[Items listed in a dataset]
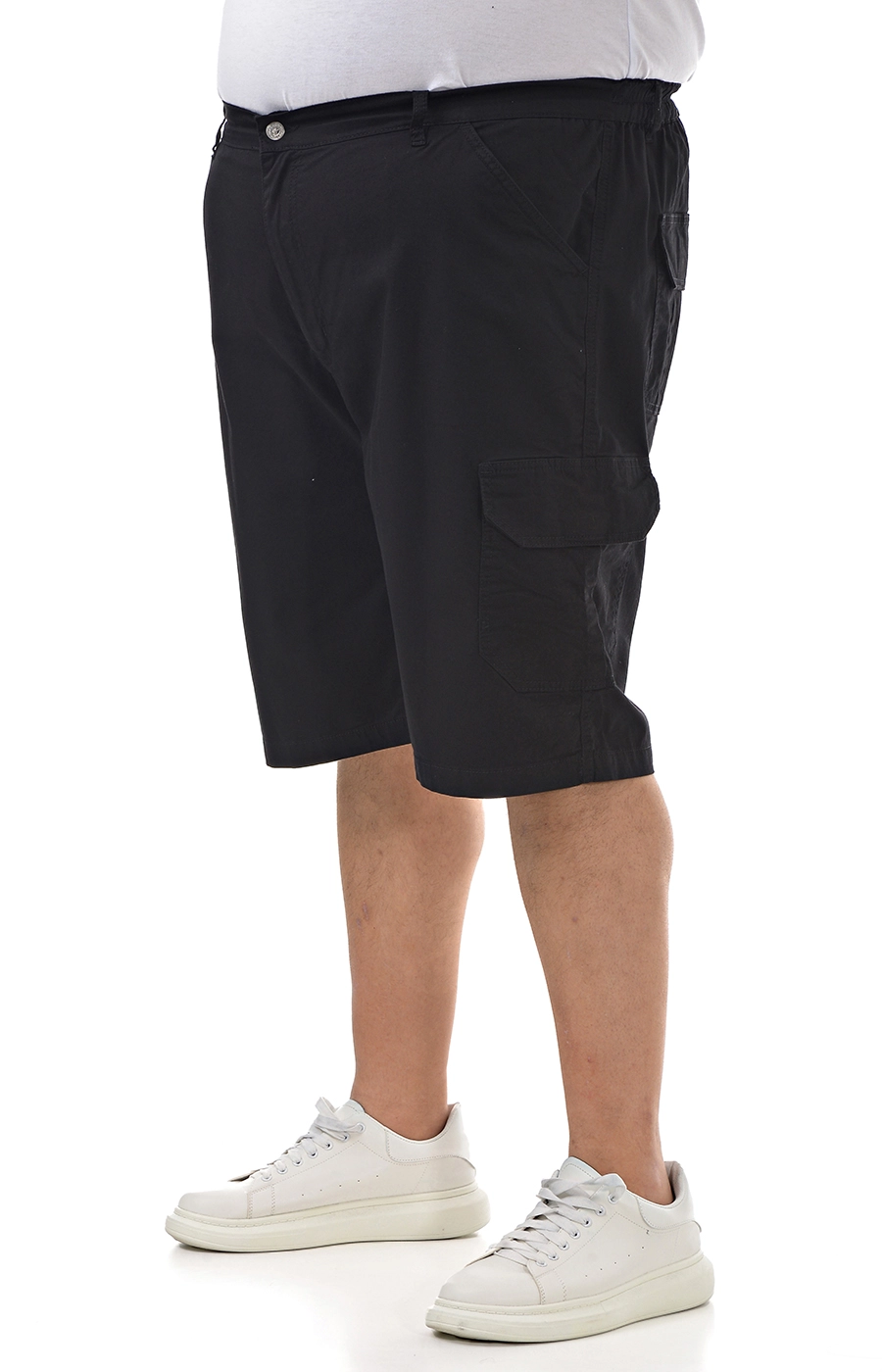Стильные мужские бриджи из хлопкового габардина черного цвета. Застежка на молнию и пуговицу. Накладные карманы на бедрах и сзади. Пояс на резинке по спинке
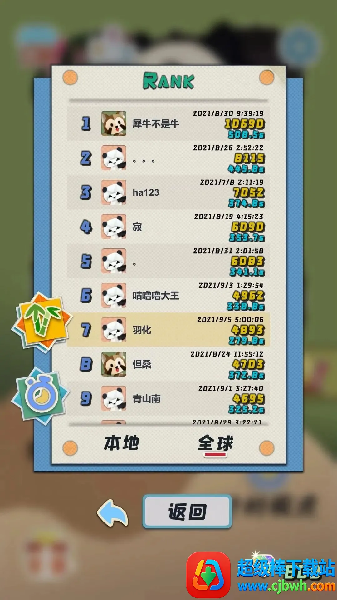 1. 两种玩法多样体验:游戏拥有经典模式和计时模式。经典模式下,熊猫完成任务有三次复活机会,完成任务通关,否则失败;计时模式中,熊猫需在有限时间内完成任务,完成通关,未完成则失败。
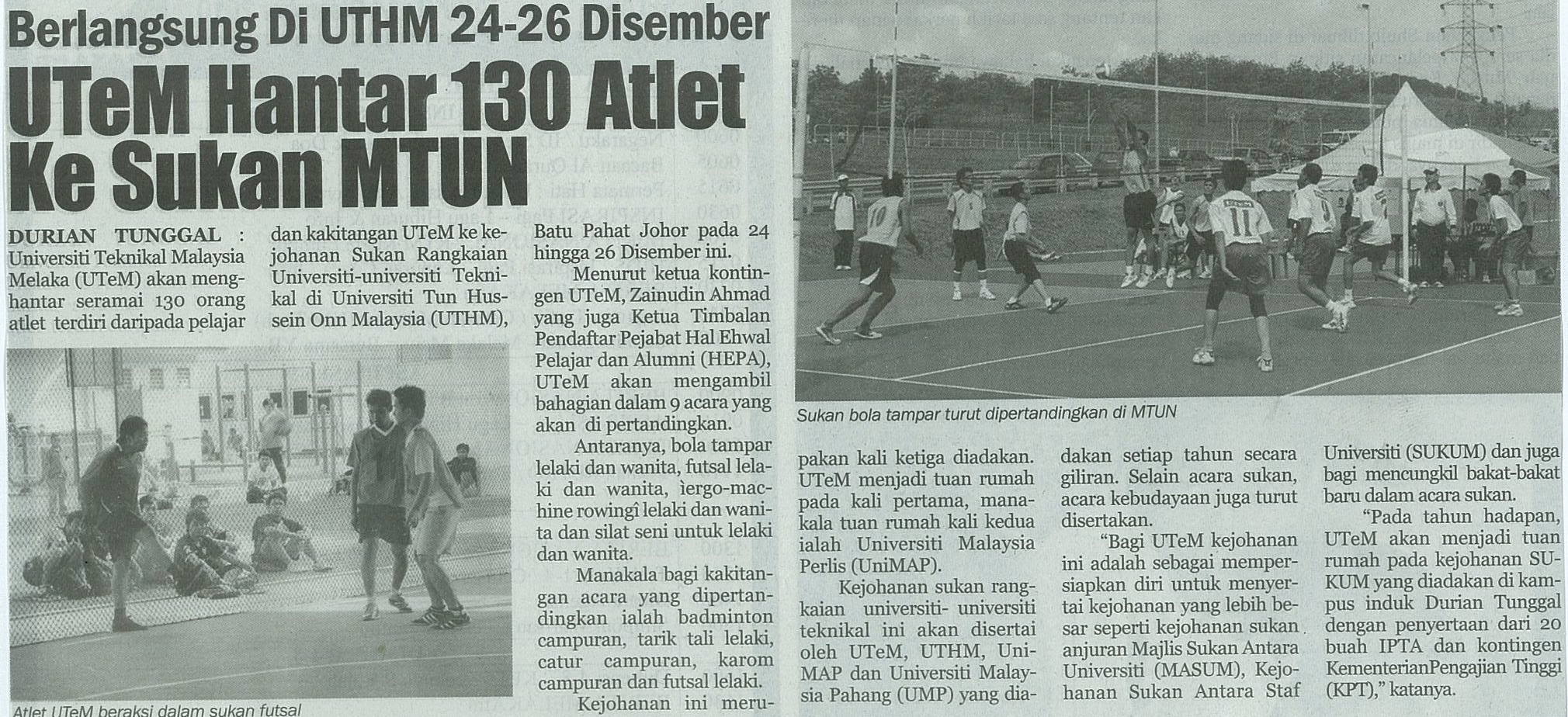 Berlangsung Di UTHM 24-26 Disember UTeM Hantar 130 Atlet Ke Sukan MTUN
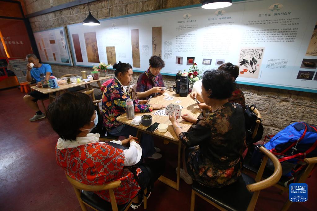 6月24日,市民在濟南市佛慧山人防工程納涼點休閑娛樂。
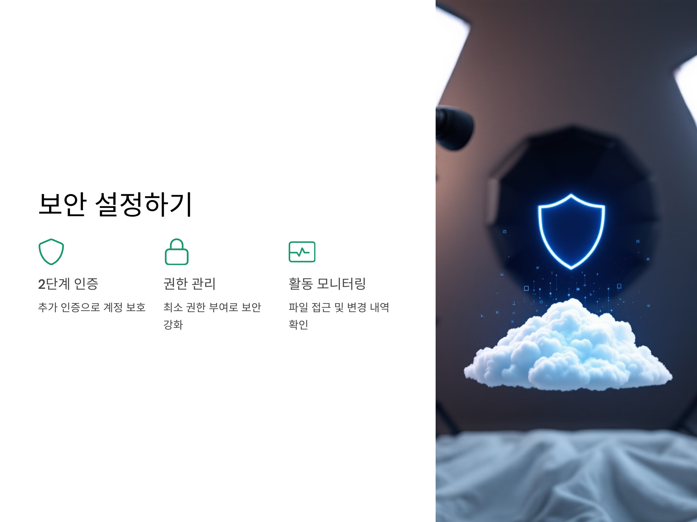 - 공유 권한 관리: 파일이나 폴더를 공유할 때 최소한의 권한만 부여하고, 불필요한 공유는 해제하여 보안을 유지합니다.
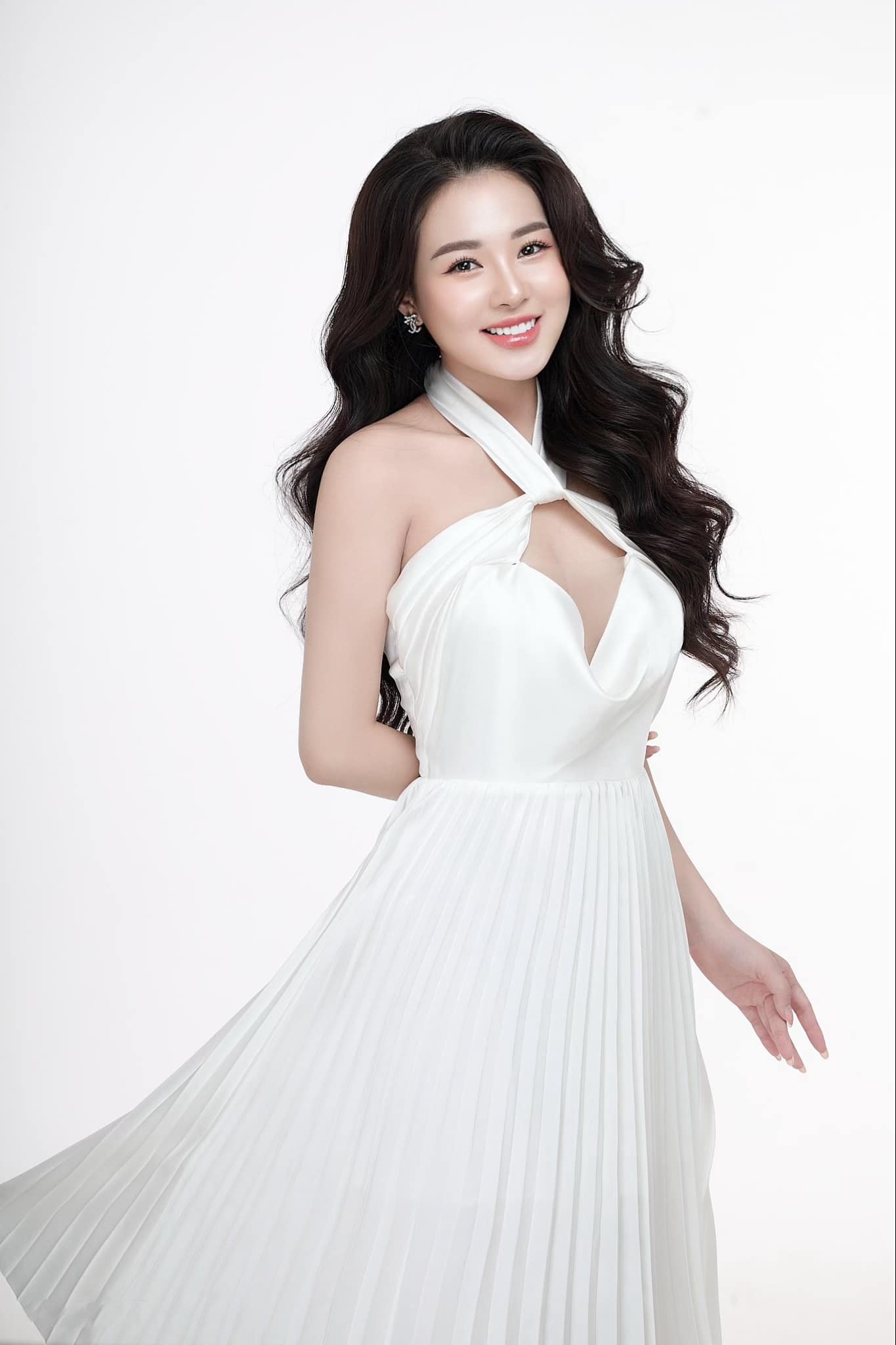 남딘 출신의 미녀는 늘씬한 몸매와 매끈한 하얀 피부를 뽐내는 눈길을 사로잡는 드레스를 선택했습니다. (사진: FBNV)
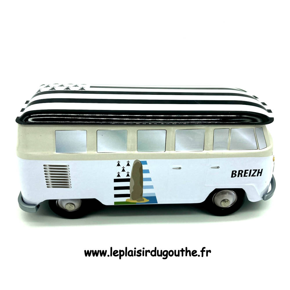 Le Combi Volkswagen Bretagne est un boite en fer-blanc de la marque Volkswagen*. Le véhicule a des roues mobiles ainsi qu’un couvercle amovible. *Produit sous licence Volkswagen, tous droits réservés.
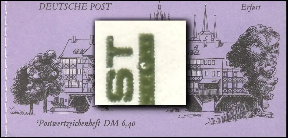 UV-Licht: vorder- und rückseitig weiße Nähfäden, Plattenfehler auf dem 30-Pfennig-Wert: weißer Fleck im Seitenbalken unter ST von von POST, Feld 1

→ **Aim of the exercise**: In the entries above, which lines run from the one with "- 공유 권한 관리: 파일이나" up to and including the one with "Le Combi Volkswagen"? Write them out exactly, without the pictures.

→ **Solved problem**:
 - 공유 권한 관리: 파일이나 폴더를 공유할 때 최소한의 권한만 부여하고, 불필요한 공유는 해제하여 보안을 유지합니다.
 남딘 출신의 미녀는 늘씬한 몸매와 매끈한 하얀 피부를 뽐내는 눈길을 사로잡는 드레스를 선택했습니다. (사진: FBNV)
 Le Combi Volkswagen Bretagne est un boite en fer-blanc de la marque Volkswagen*. Le véhicule a des roues mobiles ainsi qu’un couvercle amovible. *Produit sous licence Volkswagen, tous droits réservés.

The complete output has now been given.